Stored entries
####################
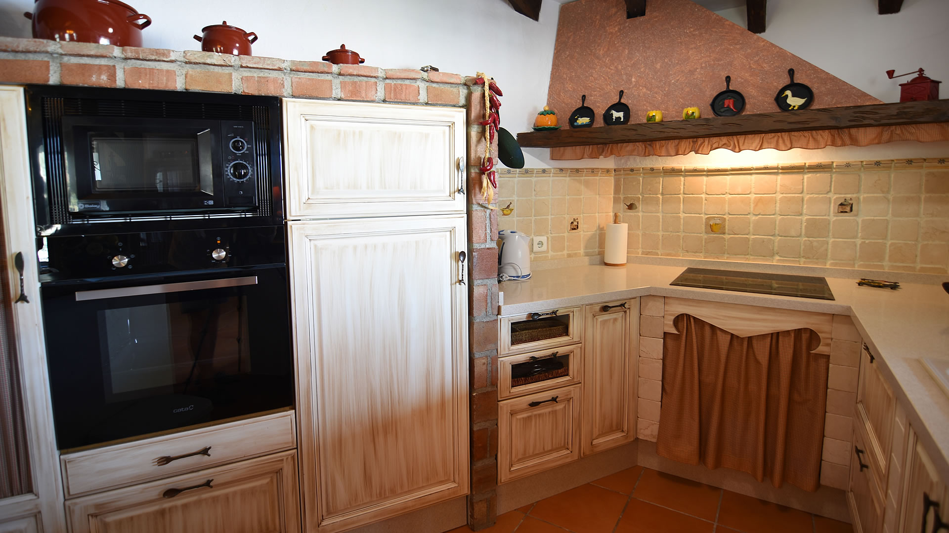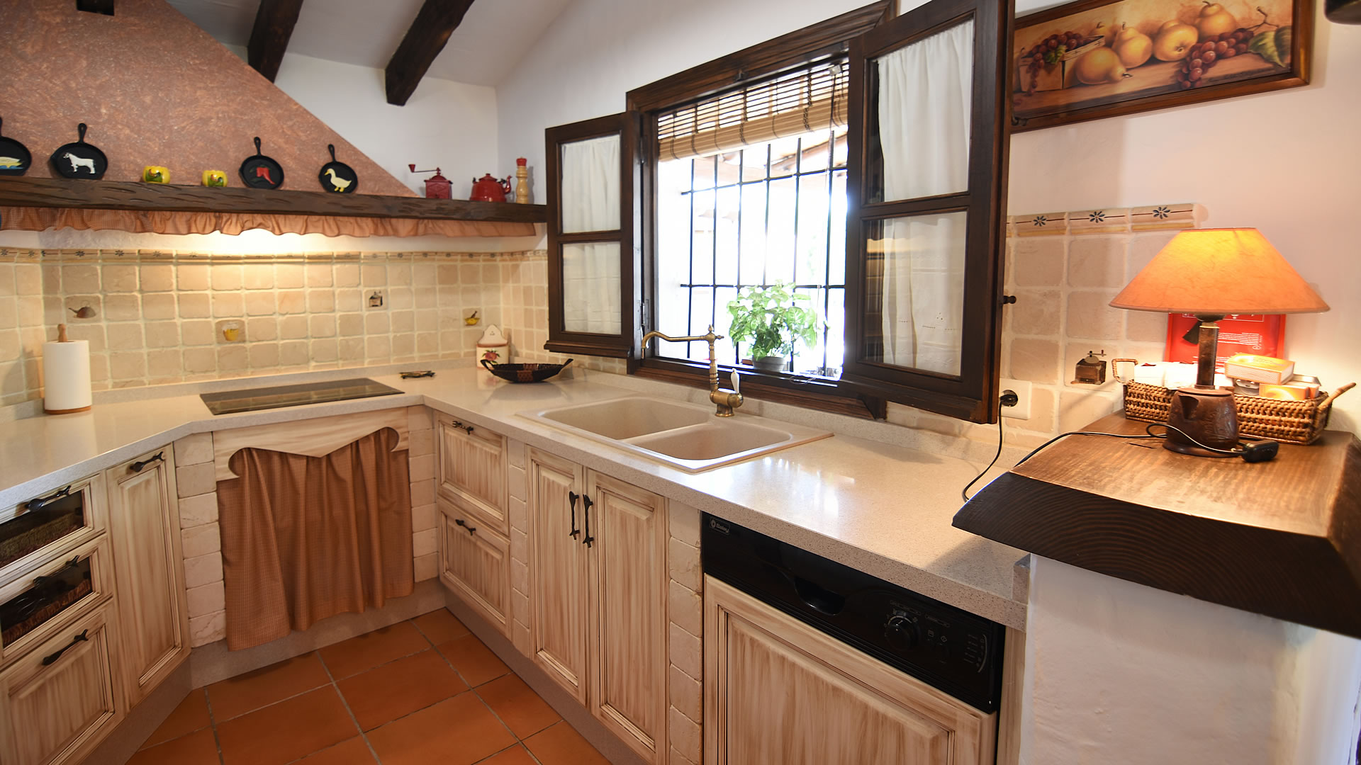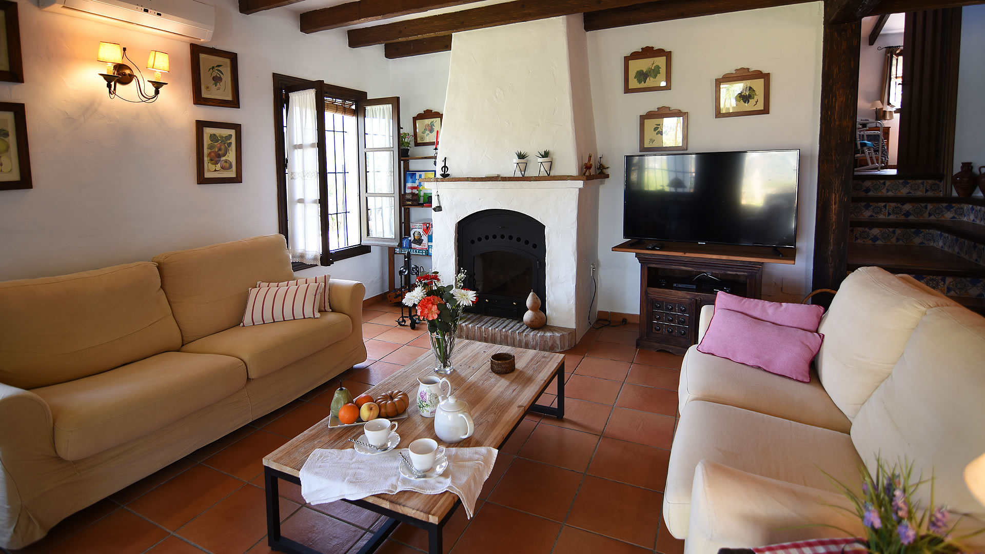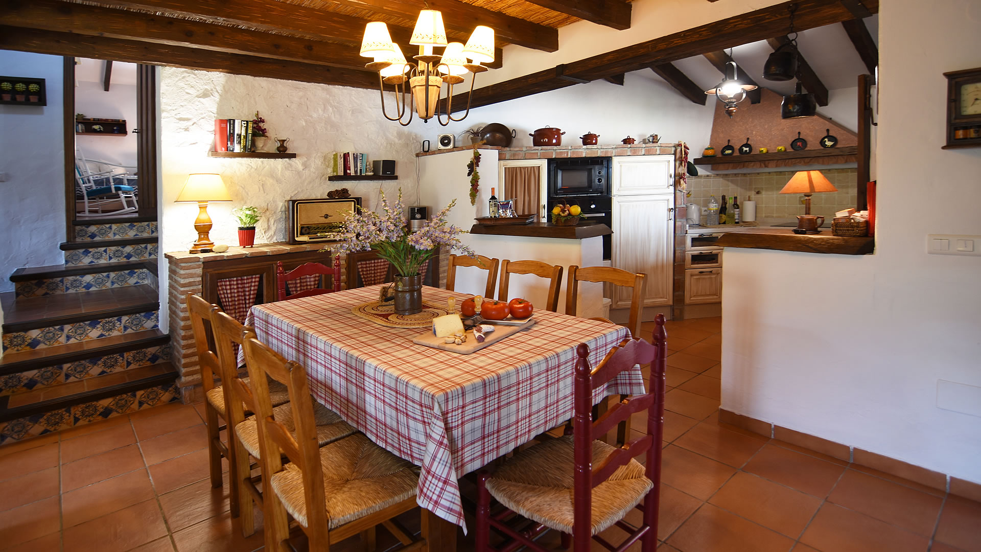 Treten Sie einfach ein! Sie werden sich hier gleich zuhause fühlen! Die Besitzer haben das Haus mit sehr viel Geschmack eingerichtet: im typisch spanischen, ländlichen Stil mit Fliesen aus der Region und hölzernen Deckenbalken. Durch die Eingangstür betreten Sie das geräumige Wohn-/Esszimmer mit Kachelofen und einer Sitzecke, in der zwei Dreisitzer einander gegenüber platziert sind. Es gibt einen Flachbildfernseher mit Satellitenempfang sowie eine Musikanlage. Die Essecke ist ein gemütliches Eckchen für 6 Personen, praktischerweise in der Nähe der Küche gelegen. Obwohl die Küche auf rustikale Weise eingerichtet ist, verfügt sie doch über jeglichen modernen Komfort wie ein Ceranfeld, Backofen, Mikrowelle, Kühl-/Gefrierschrank, Geschirrspüler und Waschmaschine. Es gibt drei Schlafzimmer: zwei mit je einem Doppelbett sowie ein Schlafzimmer für drei Personen mit einem Doppel- und einem Einzelbett. Ein gemeinsames Badezimmer sowie ein Duschraum vervollständigen dieses Ferienhaus zu einem komfortablen Aufenthaltsort. Es gibt eine Klimaanlage (kalt / warm) im Wohnzimmer und eine weitere auf dem Flur, die die 3 Schlafzimmer erfrischt / heitzt, wenn die Türen offen gelassen werden.Bitte beobachten Sie:- Die Preise beziehen sich auf 6 Personen. Für jede weitere Person werden 15 EUR pro Woche gilt für die 7. Person. - Das Haus verfügt über eine WIFI-Internetverbindung, die ohne Mehrkosten genutzt werden kann.
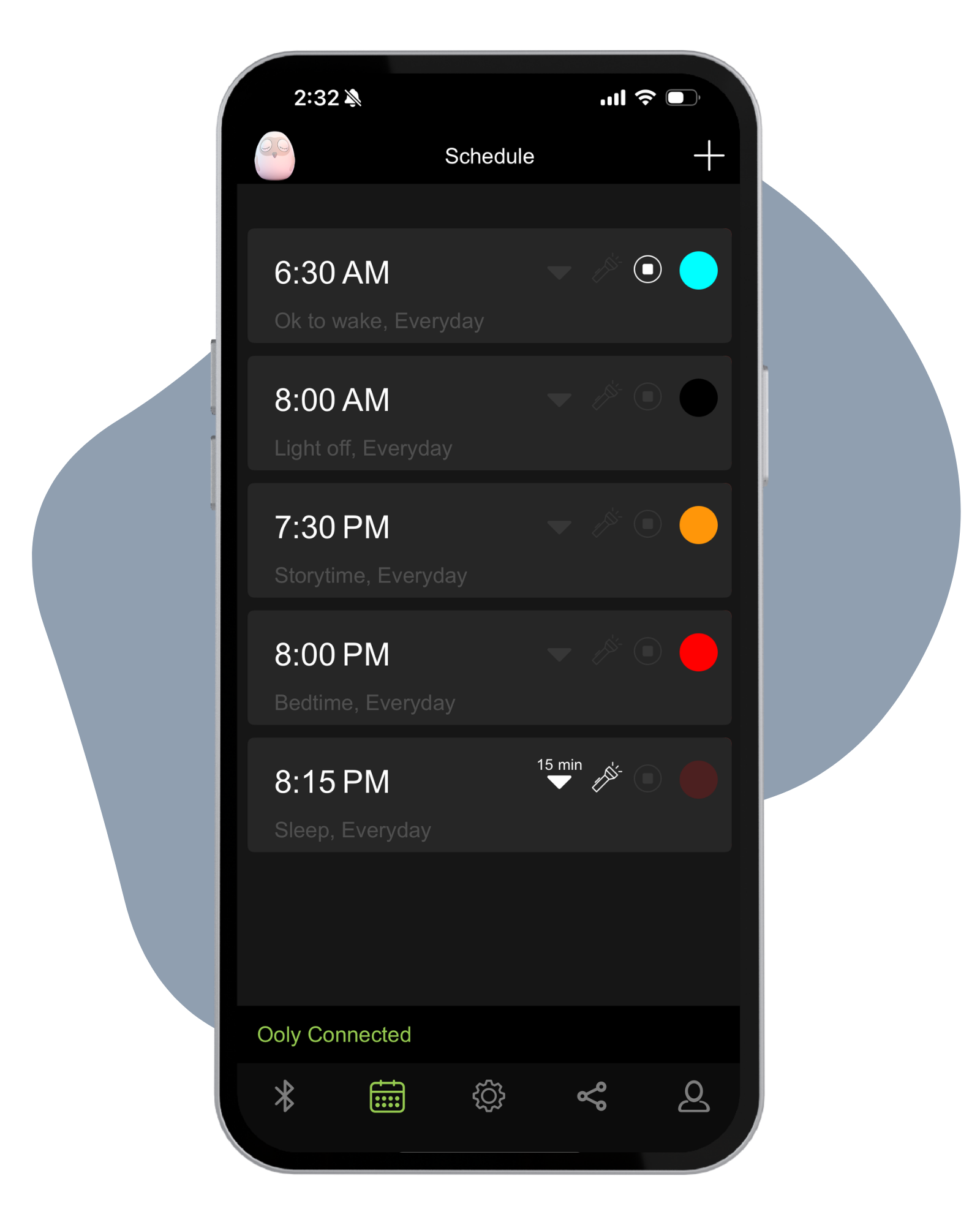 From the mobile app, set bedtime, wake-up, and nap times. Each phase will be linked to a specific color.
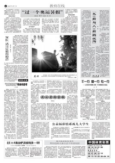 明天,奥运就要来了!无法到北京看奥运会的我市一些中小学生怎样参与到奥运中来?他们喊出了“过一个奥运暑假”的口号,用热心和实际行动来表达对奥运的支持和热爱。 因奥运而激动 放暑假了
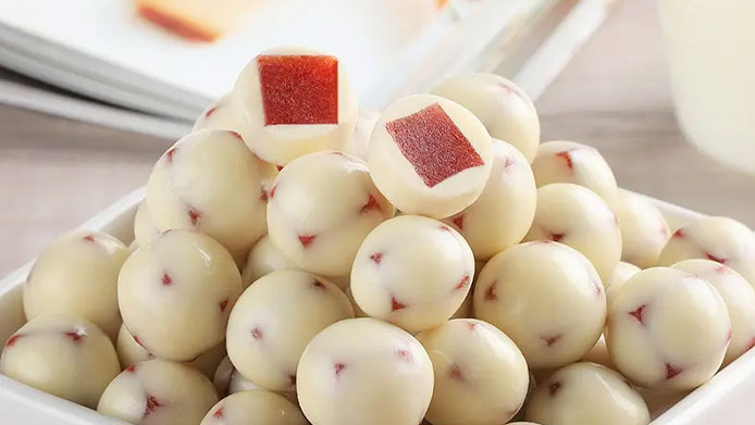 保留山楂細(xì)膩口感 結(jié)合酸奶的奶味 一顆入口 酸甜奶香在舌尖綻放
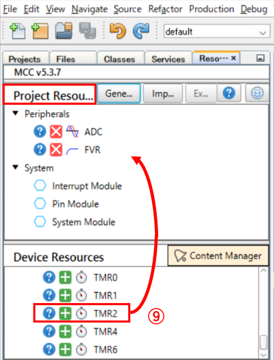 ⑨:[Timer]を左側ボタンダブルクリック、 [TMR2]の “+”を左側ボタンクリック
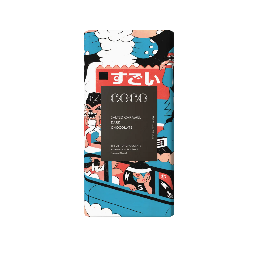 This dark chocolate as the new member of the family has a rich cocoa scent with hints of caramel sweetness; the chocolate-like notes are perfectly balanced with the sweetness from caramel, and occasional bursts of saltiness, embedded in the creamy and smoothness, leaving a pleasant finish on the palate. Weight: 80G Cocoa Origin: Colombia Artwork: Roman Klonek Attributes: Vegetarian, Vegan, Free from artificial colours and flavours.
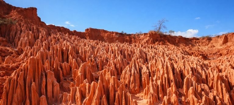 One of the most distinctive sights in the far north is the Red Tsingy, also known as the Tsingy Rouge, located south of Diego Suarez. Unlike the grey limestone formations found elsewhere in Madagascar, these sculpted pinnacles are made of red laterite soil, carved by wind and rain into sharp, fragile shapes. The site is compact but visually striking, and its intense color makes it unlike any other tsingy landscape on the island. A visit here offers insight into Madagascar’s geological variety and complements the harsher coastal scenery around Antsiranana.
####################
■ WHAT NEEDS TO BE DONE
Reproduce every record verbatim, please. Omit the images.

■ TASK ANSWER
 Treten Sie einfach ein! Sie werden sich hier gleich zuhause fühlen! Die Besitzer haben das Haus mit sehr viel Geschmack eingerichtet: im typisch spanischen, ländlichen Stil mit Fliesen aus der Region und hölzernen Deckenbalken. Durch die Eingangstür betreten Sie das geräumige Wohn-/Esszimmer mit Kachelofen und einer Sitzecke, in der zwei Dreisitzer einander gegenüber platziert sind. Es gibt einen Flachbildfernseher mit Satellitenempfang sowie eine Musikanlage. Die Essecke ist ein gemütliches Eckchen für 6 Personen, praktischerweise in der Nähe der Küche gelegen. Obwohl die Küche auf rustikale Weise eingerichtet ist, verfügt sie doch über jeglichen modernen Komfort wie ein Ceranfeld, Backofen, Mikrowelle, Kühl-/Gefrierschrank, Geschirrspüler und Waschmaschine. Es gibt drei Schlafzimmer: zwei mit je einem Doppelbett sowie ein Schlafzimmer für drei Personen mit einem Doppel- und einem Einzelbett. Ein gemeinsames Badezimmer sowie ein Duschraum vervollständigen dieses Ferienhaus zu einem komfortablen Aufenthaltsort. Es gibt eine Klimaanlage (kalt / warm) im Wohnzimmer und eine weitere auf dem Flur, die die 3 Schlafzimmer erfrischt / heitzt, wenn die Türen offen gelassen werden.Bitte beobachten Sie:- Die Preise beziehen sich auf 6 Personen. Für jede weitere Person werden 15 EUR pro Woche gilt für die 7. Person. - Das Haus verfügt über eine WIFI-Internetverbindung, die ohne Mehrkosten genutzt werden kann.
 From the mobile app, set bedtime, wake-up, and nap times. Each phase will be linked to a specific color.
 明天,奥运就要来了!无法到北京看奥运会的我市一些中小学生怎样参与到奥运中来?他们喊出了“过一个奥运暑假”的口号,用热心和实际行动来表达对奥运的支持和热爱。 因奥运而激动 放暑假了
 保留山楂細(xì)膩口感 結(jié)合酸奶的奶味 一顆入口 酸甜奶香在舌尖綻放
 ⑨:[Timer]を左側ボタンダブルクリック、 [TMR2]の “+”を左側ボタンクリック
 This dark chocolate as the new member of the family has a rich cocoa scent with hints of caramel sweetness; the chocolate-like notes are perfectly balanced with the sweetness from caramel, and occasional bursts of saltiness, embedded in the creamy and smoothness, leaving a pleasant finish on the palate. Weight: 80G Cocoa Origin: Colombia Artwork: Roman Klonek Attributes: Vegetarian, Vegan, Free from artificial colours and flavours.
 One of the most distinctive sights in the far north is the Red Tsingy, also known as the Tsingy Rouge, located south of Diego Suarez. Unlike the grey limestone formations found elsewhere in Madagascar, these sculpted pinnacles are made of red laterite soil, carved by wind and rain into sharp, fragile shapes. The site is compact but visually striking, and its intense color makes it unlike any other tsingy landscape on the island. A visit here offers insight into Madagascar’s geological variety and complements the harsher coastal scenery around Antsiranana.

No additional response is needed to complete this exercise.